We're grateful that the garden structure still presents itself even at this late stage in fall's cold, rainy, windy disturbance to all growing things reminding them that the seasons have their own demands, as a landscape to be admired. Although trees and shrubs are now turning various shades of colour as green foliage prepares itself to surrender to winter, they still present as lush and architectural in their various guises in the garden; each plant supporting its neighbours in an admirable orchestration of colour, texture and form.


And when we look out our house windows while incessant rain pelts out of an aquarium-look-alike sky, and view the garden still making a prodigious effort to please us, we are hugely aware of the work that we have ourselves invested in making the garden a comfortable and pleasant place to walk about in, to contemplate, to host birds and butterflies and enrich our lives in the process.


Thursday, October 20, 2016

Yesterday was our oldest child's birthday. He is now 57 years of age, his younger brother whose birthday was a week-and-a-half earlier, turned 54, and their sister is right in the middle. There is a year-and-a-half in age separating all three.


It is hard for us, their parents, to believe that so much time has passed.

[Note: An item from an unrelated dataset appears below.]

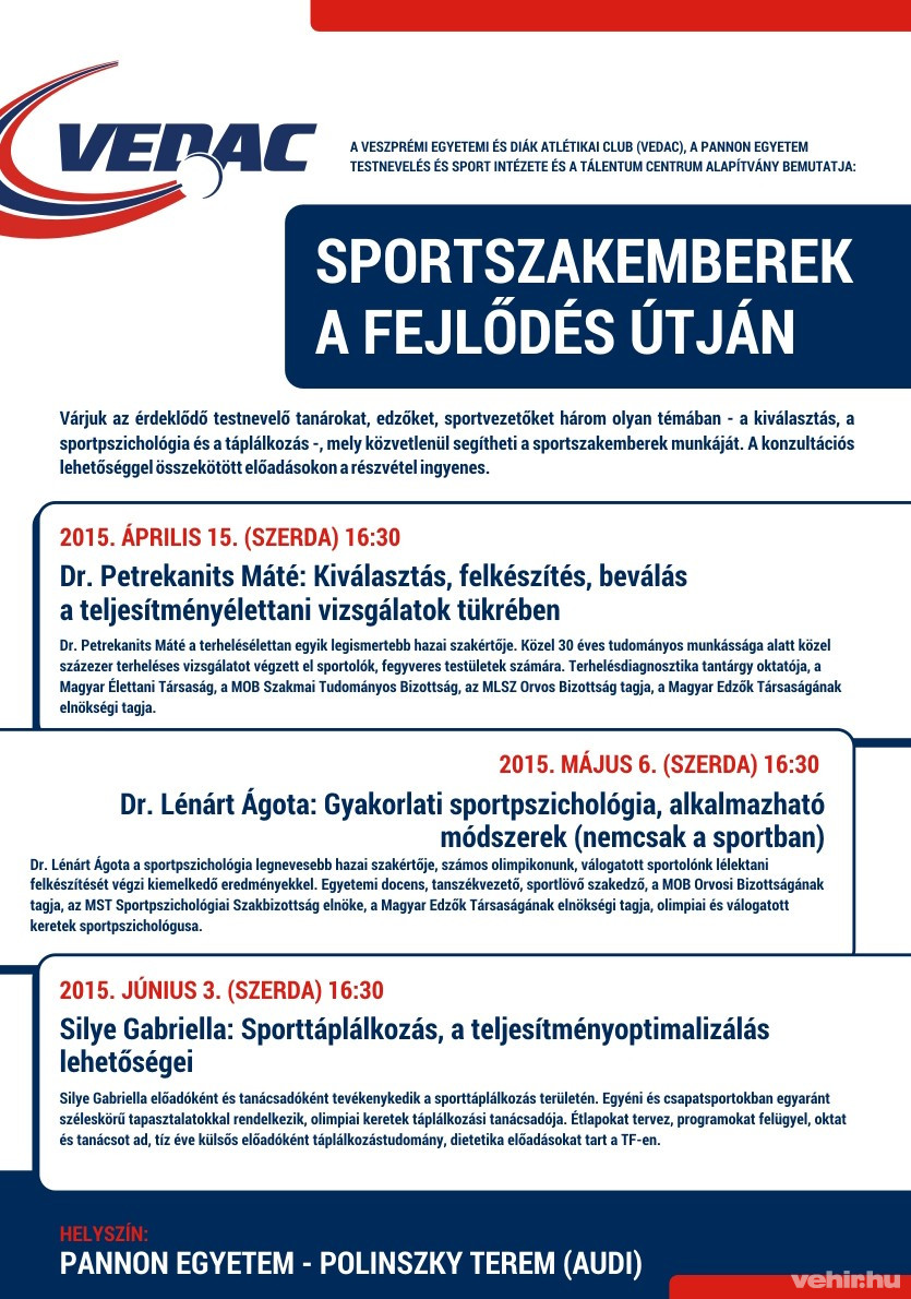 A Veszprémi Egyetemi és Diák Atlétikai Club (VEDAC), a Pannon Egyetem Testnevelés és Sport Intézete és a Tálentum Centrum Alapítvány együttműködéseként létrejött program keretében szakmai előadásokon és konzultációkon vehetnek részt az érdeklődő sportszakemberek: testnevelő tanárok, edzők, sportvezetők, sőt, maguk a sportolók is.

That our children are approaching 60. Not all that much of a mystery since several months' time separates us from age 80. No one imagines when they're young that they'll experience life and all its vicissitudes of happiness, satisfaction, disappointments and grief, and that it will all seem to have passed so quickly, when in old age, they look back.
Our honeymoon photos, near Algonquin Park  
You can look back, but you cannot go back. There is no revisiting what you've experienced other than in your mind, dredging up memory. Memory of how happy we were when at age 18, we married and were finally together as we so longed to be. Happiness when, at age 24 we became parents.

Honeymoon photos at Algonquin Park
Happiness surrounded us, embraced us, incited us to live to the fullest. We struggled financially but somehow managed to get by, even owning a small semi-detached one-story in the far suburbs of Toronto where our children were raised up to age nine, when we moved closer in to the city, to a house we were proud of, before in short order, moving yet again, to Ottawa where my husband took up a new position, challenging and satisfying to him.


We did the usual that most parents engage in, exposed our children to all the values we held dear, supported them in the emotional turmoil of growing maturity, introduced them to the landscape we lived in, and infused in them an enthusiasm for nature and a deep appreciation for our good fortune to be Canadians, living in a free and democratic country where we could criticize any level of government to our heart's content, and engage in volunteer activities giving us another sense of purpose to community and the public weal.


We imparted in our children a love of reading and an acquisitive streak for exploring printed matter. We had lively discussions daily around the kitchen table as we shared our evening meals. We encouraged our children to make friends, to become engaged in the community. Ours was a good life, and it still yet is.

Did I mention how taken aback we are that we are the parents of children in their mid-to-late 50s?